O locus hermenêutico é a sede do sentido, ou seja, eixo a partir do qual se conformam possibilidades de sentido de todas as normas "inferiores". No caso da constituição de 1988 o princípio da dignidade humana irradia-se para todo o texto, no que se convencionou chamar de "constitucionalização" do direito.

Resulta, portanto, que a dignidade humana é o ponto de partida de toda e qualquer ação do ente estatal, paradigma avaliativo de cada ação do Poder Público [17], bem como fundamento de validade da ordem jurídica, sendo princípio norteador de toda interpretação constitucional.


3.CONSIDERAÇÕES FINAIS

Desde sempre, o homem buscou conceituar a dignidade humana como limitadora das relações entre Estado-Indivíduo.

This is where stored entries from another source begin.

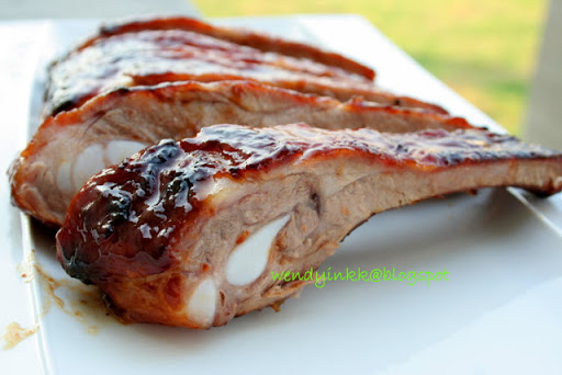 5. When the 25 minutes is up, both sides will look golden. Remove pork rack from oven and generously brush sauce on the rack.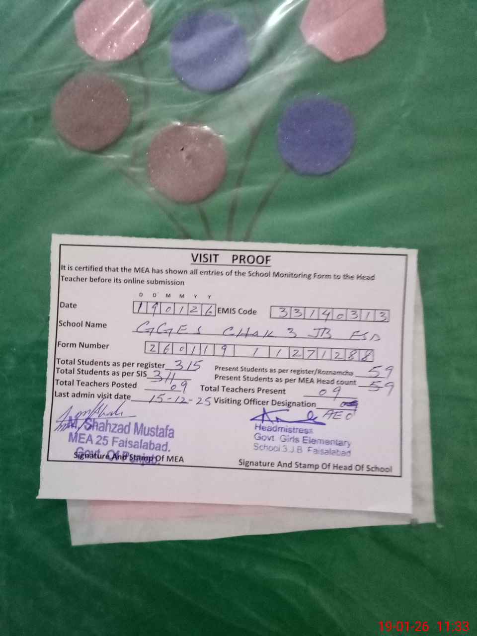 | EMIS Code: 33140313 | Name of School: GGES CHAK 3 JB | |||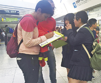 調査は、日本への観光の目的やこのエリアでの行先、滞在日数といった旅行滞在内容など。最初は緊張していた高校生たちだったが、自身の英会話力を試すチャンス、と果敢に挑戦。約1時間の調査でカナダ、オーストラリア、ポーランド、マレーシア、アメリカ、メキシコなど、26人の外国人観光客からアンケートの回答を得た。終了後には「快く対応してもらい、いい経験になりました」と皆、安堵の笑顔を浮かべていた。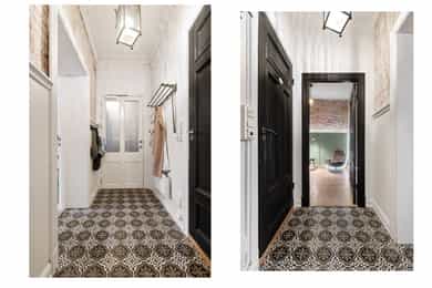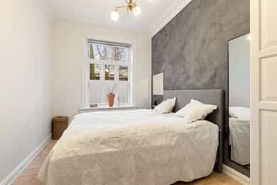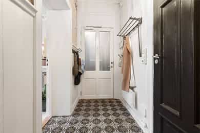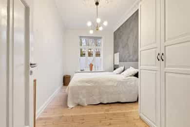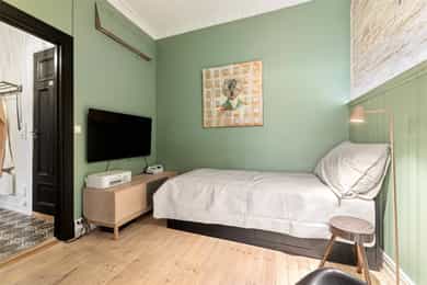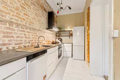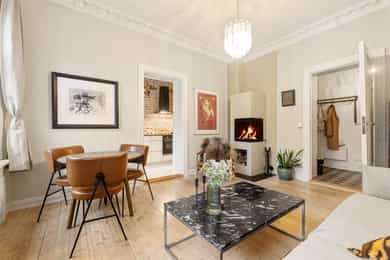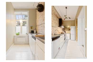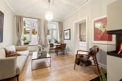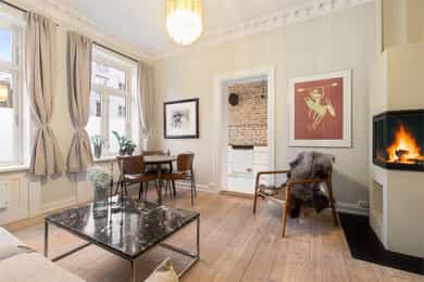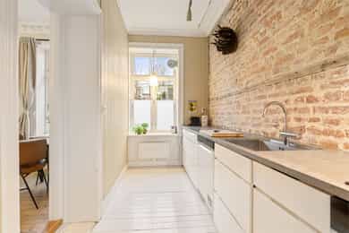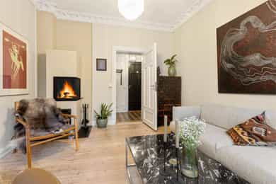 Entré: Velkommen inn! I leiligheten møtes du av en lys og flott gang som gir et godt førsteinntrykk. I gangen er det plass til knagger og skohylle for oppbevaring av yttertøy. Det er lagt historiske fliser med varmekabler og gangen har en synlig teglsteinsvegg som gir særpreg. Entréen har en sentral plassering i leiligheten, som sikrer god flyt. Videre er det dørcallinganlegg med porttelefon. Kjøkken: Separat, moderne og sjarmerende kjøkken. Tidsriktig innredning fra 2020 med glatte fronter, benkeplate i tre og teglsteinsvegg over kjøkkenbenken. Underlimt oppvaskkum i stål med ettgrepsarmatur. Hvitevarene består av integrert platetopp og stekeovn og frittstående kjøleskap og oppvaskmaskin. Det er kullfiltervifte over stekesonen. Det er rikelig med skap- og benkeplass. Stue: Leiligheten har en herlig stue med flotte, klassiske detaljer. I stuen er det god plass til sofagruppe med tilhørende sofabord og tv-møblement. Planløsningen oppleves naturlig og gjør innredningen enkel. De store vindusflatene, det gode lysinnslippet og den generøse takhøyden på hele 3 meter gir en god og luftig romfølelse. De dype, tidstypiske vinduskarmene er perfekt for planter og dekor. Leiligheten ligger i en ærverdig bygård fra slutten av 1800-tallet, de originale detaljene med nydelig rosett og stukkatur er bevart. Videre sikrer den moderne peisen behagelig, vedvarende varme og skaper hyggelig stemning på kalde høst- og vinterkvelder. Ifølge tidligere salgsoppgaven ble peisen montert i 2011. Overflatene er velholdte med originalt tregulv og veggene er nylig malt i en behagelig fargetone. Soverom: Lyst, innbydende soverom av god størrelse. Det er god plass til dobbeltseng, nattbord og garderobeskap/kommode. Rommet har stort vindu som sikrer godt med lys og luft. Soverommet har både rosett og stukkatur i himling. Kontor: Det er etablert et ekstra rom i gangen ved å sette opp en lettvegg. Rommet passer godt som kontor eller gjesterom. Rommet har tregulv samt teglstein og panel på vegger. Bad: Tidløst, pent bad fra 2006 med flislagte overflater og elektrisk gulvvarme. Badet er innredet med dusjsone med åpen dusj, gulvstående toalett og baderomsinnredning med skap, overlimt servant med ettgrepsarmatur fra Damixa og veggskap med speil og lys. Det er opplegg for vaskemaskin. Overflater: Gulv: Originalt tregulv og flislagt gulv på badet. Vegger: Malt overflate/panel på vegger, synlig teglsteinsvegg og fliser på badet. Selger opplyser at vegger og himling nylig er malt. Himling: Malt overflate i himling. På soverommet er takhøyden oppmålt til 3,01 meter.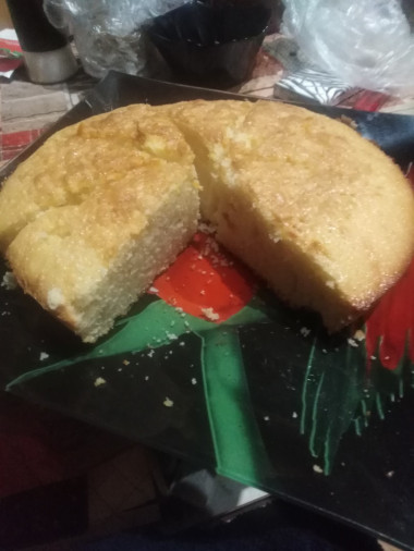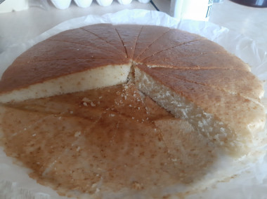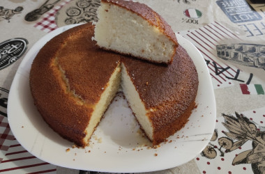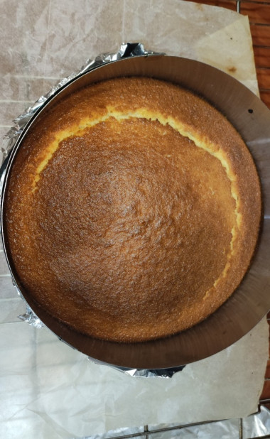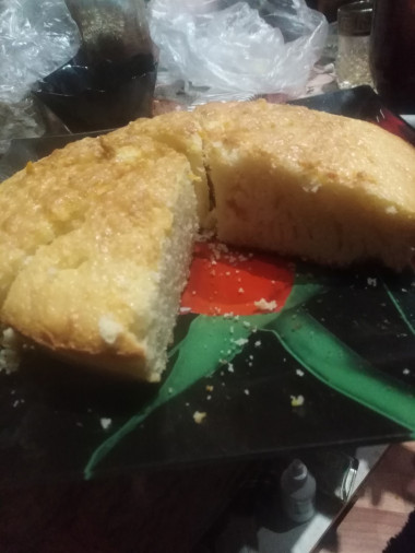 Строго соблюдала граммовку по рецепту, выпекала 40 минут в духовке, единственное не по рецепту – взбивала всё венчиком, без миксера, и манке дала 20 минут, а не 30) Выпекала в силиконовой форме, на всякий случай немного смазала ее маслом.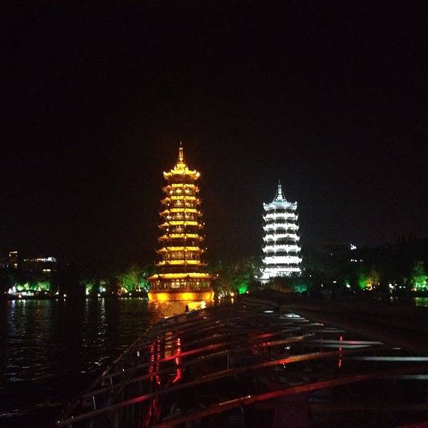 3-个人感受:我们没有乘船,嘻嘻,比较贵呢!我们主要是在日月双塔游玩了呢!感觉也不错。晚上的日月双塔别具一格。我们去那天月亮特别的量,小伙伴们就尽情的展开想象了。桂林的米粉真的很好吃啊,我们住的地方门口有一家连锁的3.5元,好好吃啊!看双塔公园里的垃圾桶,很有喜感吧~吼吼~ 展开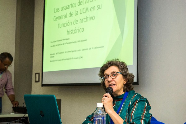 La Dra. Villaseñor Rodríguez mencionó que colabora con el Seminario de Investigación sobre Usuarios de la Información, antecedente del Congreso Internacional, desde el año 2008, "me enfoco a la investigación, y en este caso trabajamos con usuarios de archivos, por tal motivo la ponencia está relacionada con el archivo de la Universidad Complutense de Madrid, en su función de archivo histórico.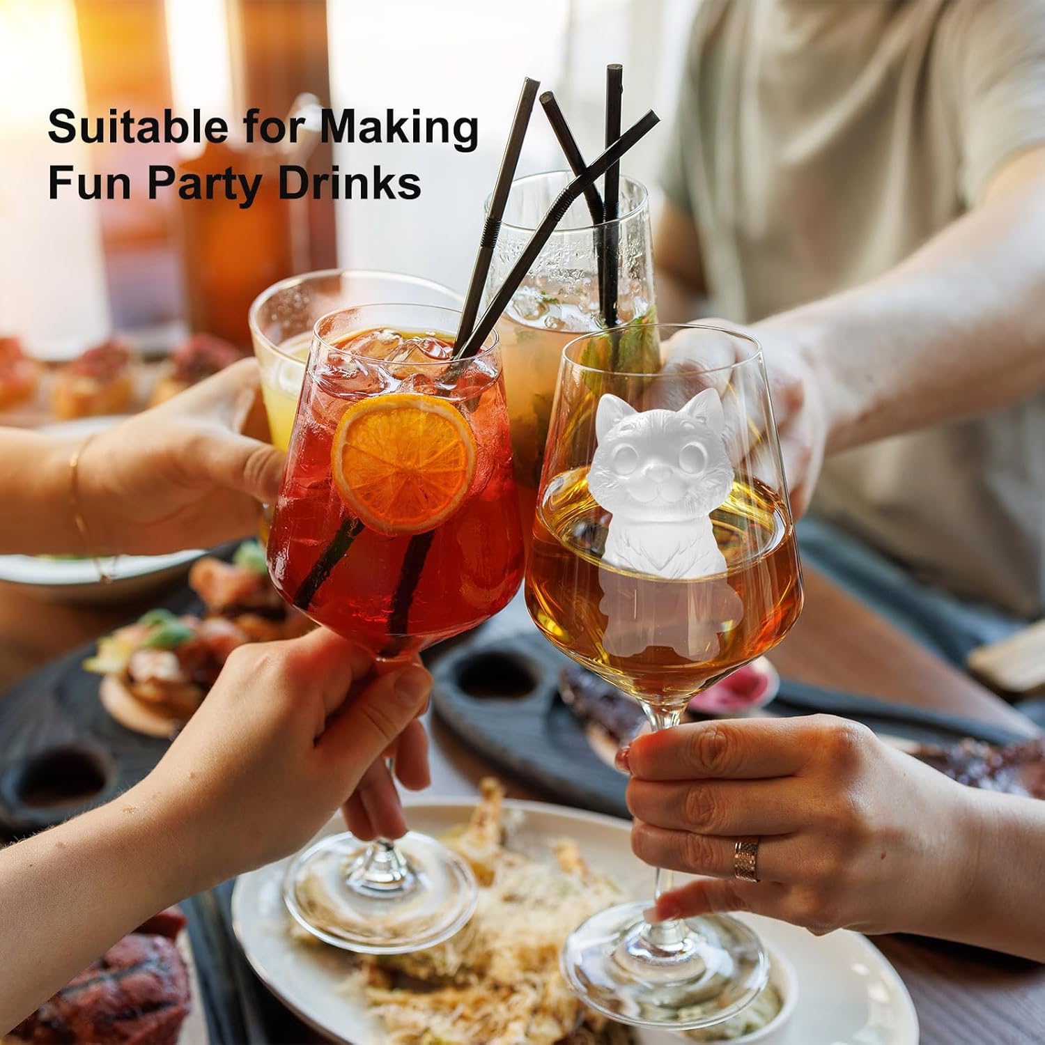 - 🧊Fun Cat Shaped Ice Cube Mold -- Our Ice Cube Mold can make cute Cat shaped ice cubes; it has a large size and is designed for whiskey glasses, which is very suitable for drinks that need to melt slowly, such as whiskey, cocktails, bourbon, rum, tequila, gin, etc.

O constitucionalismo trouxe essa preocupação para as constituições escritas, o que resultou na positivação da ampla gama de direitos fundamentais.

No caso da República Federativa do Brasil, tal princípio foi positivado em si mesmo, alçado à condição de fundamento do Estado Brasileiro, ao lado de valores como a soberania, cidadania, os valores sociais do trabalho e da livre iniciativa e pluralismo político.

Disso resulta que não há como negar que todos os demais direitos fundamentais – individuais, sociais ou transindividuais – derivam do princípio da dignidade da pessoa humana, devendo toda interpretação, quer seja das normas da própria constituição ou das normas infraconstitucionais, observar e respeitar o aludido princípio. Tal princípio adquire, assim, característica de relevância, constituindo locus hermenêutico da nova interpretação constitucional, embora não se possa dizer que seja, em si mesmo, superior aos demais princípios, uma vez que estes não são hierarquizados.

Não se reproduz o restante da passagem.